Since August of 2013, I’ve been to Athens, Bali, Bogota, Budapest, Cambodia, Copenhagen, Edinburgh, The Greek Islands, Hong Kong (where I lived for over a year), Istanbul, London, Manchester, New York City (twice), Paris, Peru, The Philippines, Portugal (for three months), Prague, Rome, Spain (twice), Taipei, Thailand (three times), and Tokyo.
To do this, I’ve found and paid full price for some cheap flights, but mostly, I’ve redeemed over 615,000 miles and points (so far) that have enabled me to travel for pennies on the dollar.
I’ve redeemed over half a million miles and points, currently have another 100,000+ in the bank, and in the future, I’ll be adding tens of thousands more to my arsenal.
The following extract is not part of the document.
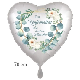 Zur Konfirmation die besten Wünsche! Großer Luftballon aus Folie, Satin de Luxe, weiß, Lorbeer, mit Helium

But it hasn’t always been this way…
Rewind to January of 2013. I had left the country just once, had a single credit card to my name, a dismal credit score hovering in the mid 600’s, and not the slightest clue what a Travel Hacker was.
In the summer of 2012, I became enamored with the idea of traveling the world (hugely in part to Goats on the Road – thanks dudes!). Slowly I began researching, and in my research I was first introduced to the world of travel blogs and travel hacking, which have since changed my life.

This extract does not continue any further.